Apply early for holiday season jobs

Could you use some extra spending money for the holiday season?

If your answer is “yes,” and you’re willing to work for it instead of waiting for Santa to bring you some, there are many ways to add to your income during November and December.

Whether you want to buy more Christmas presents, hit the Boxing Day sales, or pay off the holiday charges on your credit cards more quickly, the most obvious way to increase your income is with a part-time or full-time retail job.

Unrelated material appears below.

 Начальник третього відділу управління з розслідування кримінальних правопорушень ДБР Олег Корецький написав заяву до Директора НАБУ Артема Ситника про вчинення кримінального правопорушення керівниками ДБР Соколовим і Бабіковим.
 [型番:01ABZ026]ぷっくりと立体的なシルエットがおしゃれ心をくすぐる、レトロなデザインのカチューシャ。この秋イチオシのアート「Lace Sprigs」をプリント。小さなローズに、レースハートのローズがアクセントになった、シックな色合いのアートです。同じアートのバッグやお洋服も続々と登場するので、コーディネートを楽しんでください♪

While the economy may have cooled recently, many retailers still need extra help for the holidays. As reported in a recent seasonal hiring survey, companies “need extra hands on deck to meet increased business demands associated with the holidays and end-of-the-year wrap-ups.”

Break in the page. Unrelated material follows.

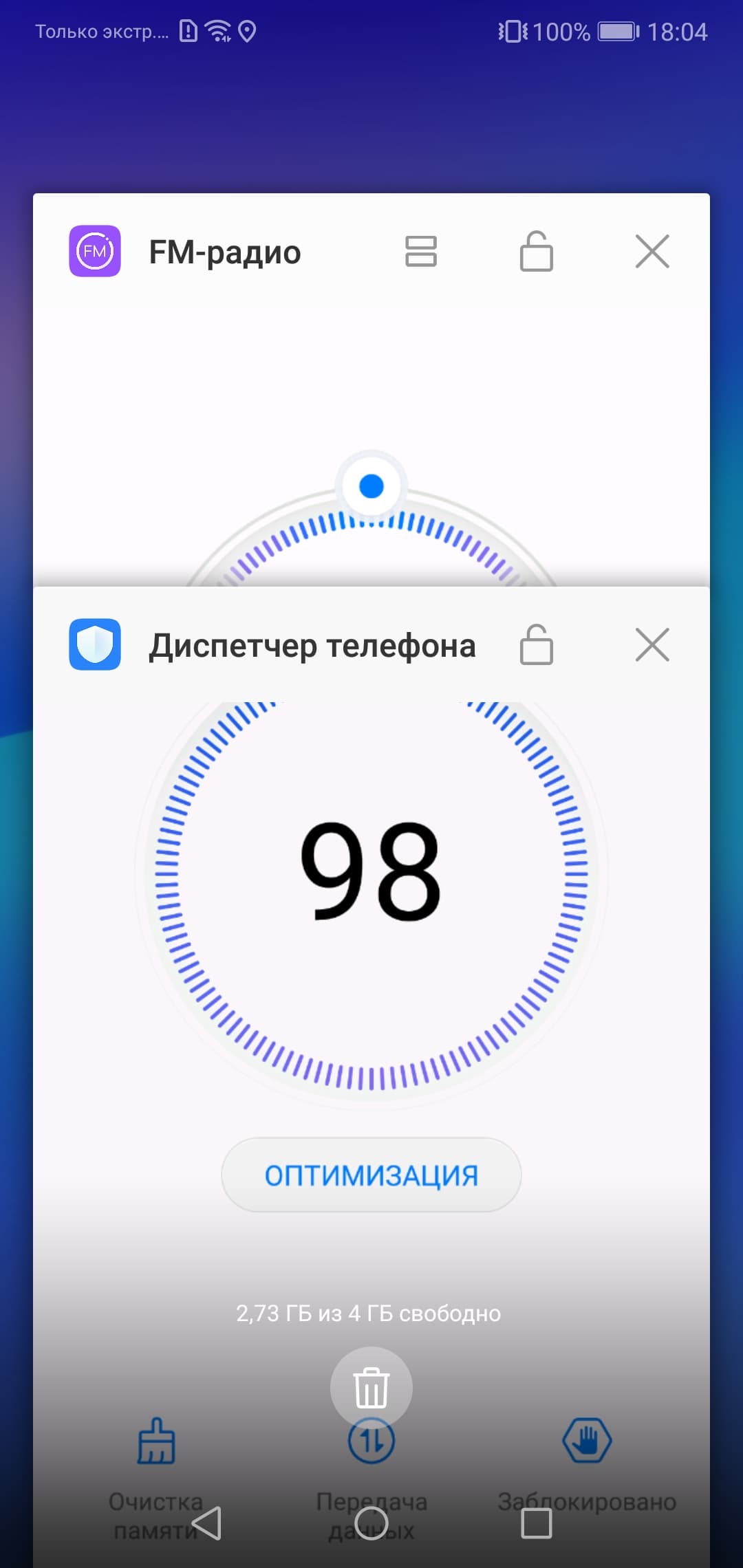 В качестве программной платформы используется Google Android 8.0 с хорошо знакомой фирменной оболочкой EMUI 8.0 с возможностью обновления по воздуху. Здесь все стандартно. Стоит лишь отметить особенности, связанные с переходом на новое вытянутое в высоту соотношение сторон экрана («FullView»): всем таким аппаратам добавили полоску «Полноэкранный режим», которая появляется каждый раз при запуске нового приложения. Неудобно то, что когда на нее нажимаешь, приложение обязательно перезагружается, и теряется весь прогресс. Так что нужно либо нажимать ее сразу же, либо уже не трогать до конца цепочки действий. Особенно это раздражает в играх, которые долго запускаются, а после нажатия полоски приходится ждать повторного запуска еще раз.

In addition to retail, the most popular positions identified for seasonal employment include hospitality, administrative, customer service, food preparation, and sales. For example, there are part-time opportunities in the food service and hospitality industry which needs extra staff to help with holiday parties. Even offices need temporary workers to fill in for staff taking time off.

As well as financial rewards, a seasonal job may give you the opportunity to make contacts, learn new skills, and build your resume. If you’re considering starting your own business, a part-time holiday season job could give you hands-on experience with the type of business you’re thinking of starting.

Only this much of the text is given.